Like many of us, Dr. Burd has been working from home. According to a nurse, it’s their first tele-med. This virtual way of medicine allows the doctor to see patients through an IPad.

Dr. Burd said, "People where access to care is very difficult, all they need to do is get to their local clinic or they can honestly do this from home. But if they're doctors there and they have these pads we can interface with them directly."

Nebraska Spine and Pain Center has confirmed several major insurance companies that a patient's tele-health appointment will be covered.

Sue Carlson, with the Spine and Pain Center, said, "You would bill it the same way you would an office visit. The doctor would document in your medical records the same way if you were live with him in front of him. And then we would submit the claim to the insurance company."

Nebraska Spine Center plans to expand video examinations that rely on x-rays.

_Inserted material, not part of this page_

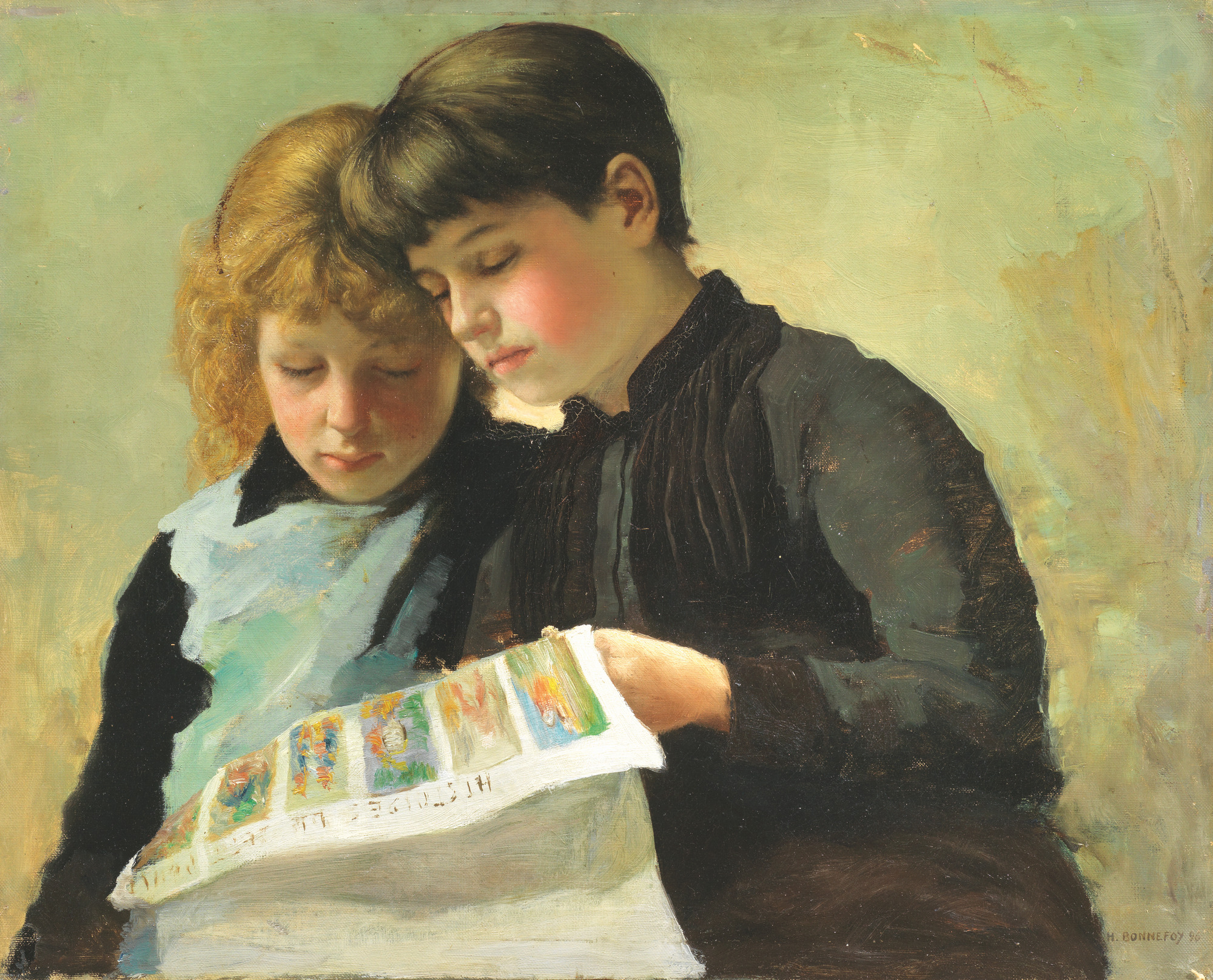 Henri Bonnefoy FANCIULLI IN LETTURA Olio su tela, cm 55x66 Firmato
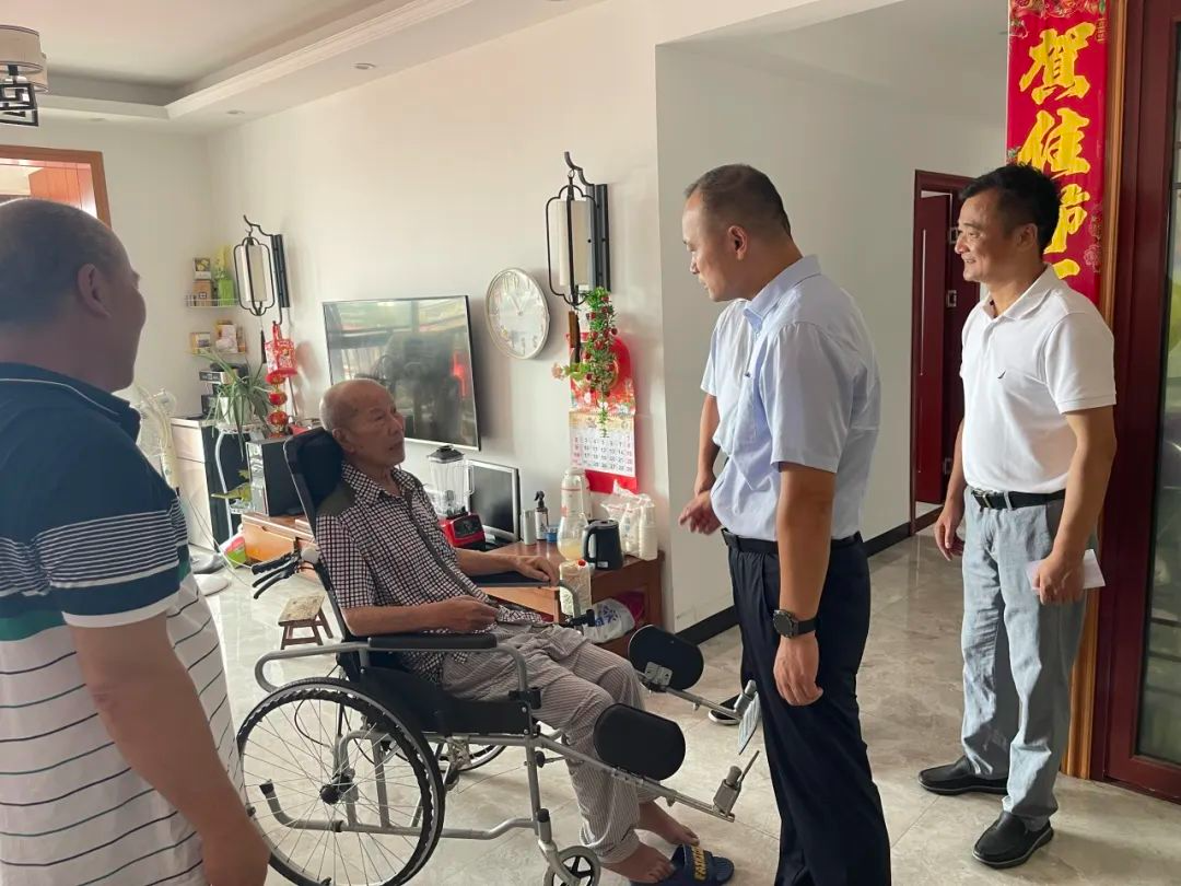 在87岁退役军人何建威家中,王新宇关切地询问他的身体状况和生活情况,仔细聆听老人讲述参军时期的峥嵘岁月,对其年轻时献身国防、保家卫国作出的贡献致以崇高的敬意,并向他致以节日的问候,希望他能继续坚定信念、保重身体。

Pat Kirk, Spine and Pain Center said, "We don't need the patient here to explain to them what that imaging is saying. They can still do an exam form a visual standpoint, while they're sitting at home and the patient never has to leave their house. "

The fusions are solid. Which is a relief thanks to my surgeon's pad side manner.

Dr. Timothy Burd, Spine Surgeon said, "Wipe our phones down afterward right."

So far Nebraska Spine and Pain Center have used tele-med for two appointments and ten more are scheduled.

Under current social restrictions, they expect thirty percent of their patients will consult with a doctor by video.